El odio no puede expulsar al odio

El odio no puede expulsar al odio

Tucumán ha sido la sede del Encuentro internacional sobre delitos de odio, discriminación e intimidación en la era de las redes sociales. El escenario de antagonismos crónicos de la Argentina, agudizado durante la última década y media, hace de este ciclo un momento de reflexión propicio y oportuno.

Nuestra sociedad se encuentra inmersa, respecto del debate público, en una lógica excluyente, cimentada en dicotomías. Mitad historia reciente, mitad estrategias políticas del poder, el clivaje (la divisoria de aguas de la opinión pública) más absoluto aún vigente es “peronismo vs. antiperonismo”. En la escena política actual vemos operar esa mirada binaria de la realidad, con otras versiones: “kirchnerismo vs. antikirchnerismo”, “macrismo vs. antimacrismo”.
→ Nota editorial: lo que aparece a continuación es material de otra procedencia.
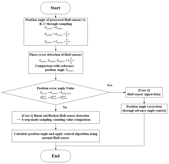 Malfunctions in which the three position data obtained from the Hall sensors in (15) may change can be classified into two cases, as shown in Figure 14.

Esa bipolaridad aplicada como único mecanismo de razonamiento para interpretar el presente institucional es acicateada constantemente a través del odio. Aquí la opción no es “uno u otro”, sino “uno o la eliminación de ese uno”. No es “A o B” sino “A vs. No A”. En esa opción no hay posibilidad de coexistencia. Ni hablar de consensos. Eso mismo, en esta era de las redes sociales, se puede comprobar todo el tiempo.

Los seguidores de un espacio político descargan toda clase de acusaciones, insultos y amenazas respecto de los militantes del otro sector. Y viceversa. Hace 15 años que viene siendo así. Unos sostienen que son los otros los que tienen toda la culpa de todos los males que acontecen. Los otros aseveran exactamente lo mismo.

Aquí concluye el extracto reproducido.